He bowed the heavens also, and came down. And darkness was under his feet. And he rode upon a cherub, and did fly. Yea, he did fly upon the wings of the wind. (Psalm 18:9-10)
This picture of God’s active, sovereign, and mighty involvement in the affairs of men may conjure up images of Superman, but David’s vision of being rescued by his redeemer is not fiction. It is likely that David was imagining a time in the future when the Lord, Jesus would be actively engaged in the affairs of men.
David’s statement, “The LORD rewarded me according to my righteousness; according to the cleanness of my hands hath he recompensed me” (Psalm 18:20) might seem pretentious unless you understand that David had devoted his heart and life to the service of the LORD and his godliness was the fruit of God’s gracious working in his heart.
The word translated recompense, shûwb (shoob) means to turn back. “The process called conversion or turning to God is in reality a re-turning or a turning back again to him from whom sin has separated us” (7725). David experienced conversion, not in the same way a New Testament Believer does, but he gave his life to the Lord and I believe he had a rebirth or regeneration of his spirit.
What David was lacking in the process of salvation was remission of his sins. It says in Hebrews 9:22, “almost all things are by the law purged with blood; and without shedding of blood is no remission.” The Greek word for remission, aphesis (af´- es – is) “denotes a release, from bondage, imprisonment, liberation from captivity and remission of debt. It also means forgiveness or pardon, of sins (letting them go as if they had never been committed)” (859).

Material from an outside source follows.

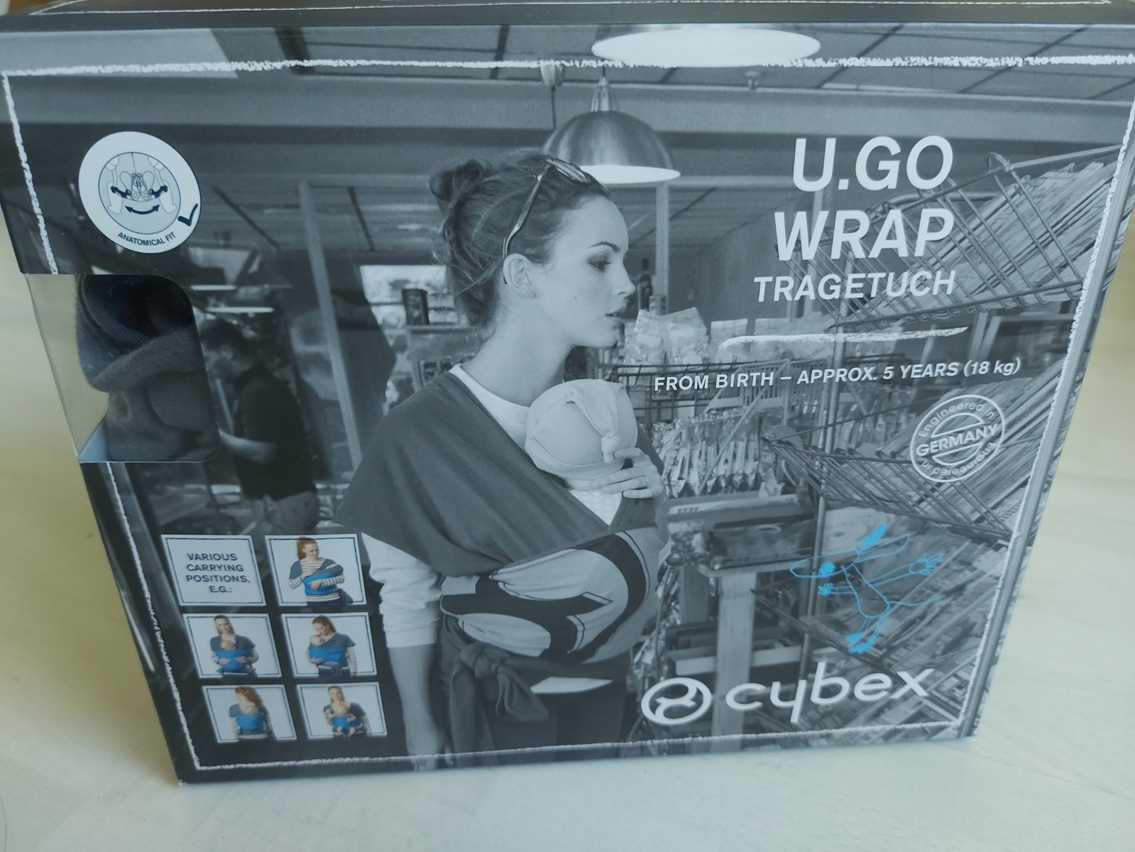 Elasticka satka na nosenie Cybex v sedomodrej kombinacii.

David proclaimed, “I have kept the ways of the LORD, and have not wickedly departed from my God” (Psalm 18:21). David did not say he kept the laws of the LORD, he said he kept the ways of the LORD and did not depart from his God. David’s perfect record had to do with his relationship with the LORD. David walked with the LORD and kept to the path that God had chosen for him. He was obedient to the will of the LORD and confessed his sin throughout his entire life.

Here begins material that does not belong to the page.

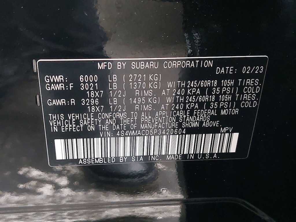Subaru Certifed, Clean Carfax, Carfax One Owner. Convenience Package (Auto-Dimming Rear View Compass Mirror w/HomeLink, Keyless Access w/Push-Button Start, Power Rear Gate w/Automatic Close & Height Memory, and Reverse Automatic Braking (RAB) System), Subaru Certified Pre-Owned Certified, 3rd row seats: bench, 4-Wheel Disc Brakes, 6 Speakers, ABS brakes, Air Conditioning, Alloy wheels, AM/FM radio: SiriusXM, Auto High-beam Headlights, Automatic temperature control, Axle Ratio: 4.44, Brake assist, Bumpers: body-color, Cargo Cover, Delay-off headlights, Driver door bin, Driver vanity mirror, Dual front impact airbags, Dual front side impact airbags, Electronic Stability Control, Emergency communication system: STARLINK Safety and Security (Subscription Required), Exterior Parking Camera Rear, Four wheel independent suspension, Front anti-roll bar, Front Bucket Seats, Front Center Armrest, Front dual zone A/C, Front reading lights, Fully automatic headlights, Heated door mirrors, Heated Front Bucket Seats, Heated front seats, Illuminated entry, Knee airbag, Leather Shift Knob, Leather steering wheel, Low tire pressure warning, Occupant sensing airbag, Outside temperature display, Overhead airbag, Overhead console, Panic alarm, Passenger door bin, Passenger vanity mirror, Power door mirrors, Power driver seat, Power steering, Power windows, Radio data system, Radio: Subaru STARLINK 11.6" Multimedia Plus System, Rear air conditioning, Rear anti-roll bar, Rear reading lights, Rear seat center armrest, Rear window defroster, Rear window wiper, Reclining 3rd row seat, Remote keyless entry, Security system, Speed control, Speed-sensing steering, Spill Resistant Coated Cloth Upholstery, Split folding rear seat, Spoiler, STARLINK/Apple CarPlay/Android Auto, Steering wheel mounted audio controls, Tachometer, Telescoping steering wheel, Tilt steering wheel, Traction control, Trip computer, Turn signal indicator mirrors, Variably intermittent wipers, and Wheels: 18" x 7.5 J Gray Alloy w/Machine Finish.

David said, “As for God, his way is perfect: The word of the LORD is tried” (Psalm 18:30) and concluded Psalm 18 by saying, “Great deliverance giveth he to his king, and showeth mercy to his anointed, to David, and his seed for evermore” (Psalm 18:50). The word evermore or ‘ôlâm in Hebrew means eternity. David knew that in eternity Christ would reign over Israel, therefore, David is stating that the Messiah would come from his seed or be one of his descendants. This must have been an amazing revelation for David. It is clear that David’s understanding of being God’s anointed meant that his seed or one of his offspring would eventually give birth to Jesus Christ who would come down from heaven and complete the process of salvation for David.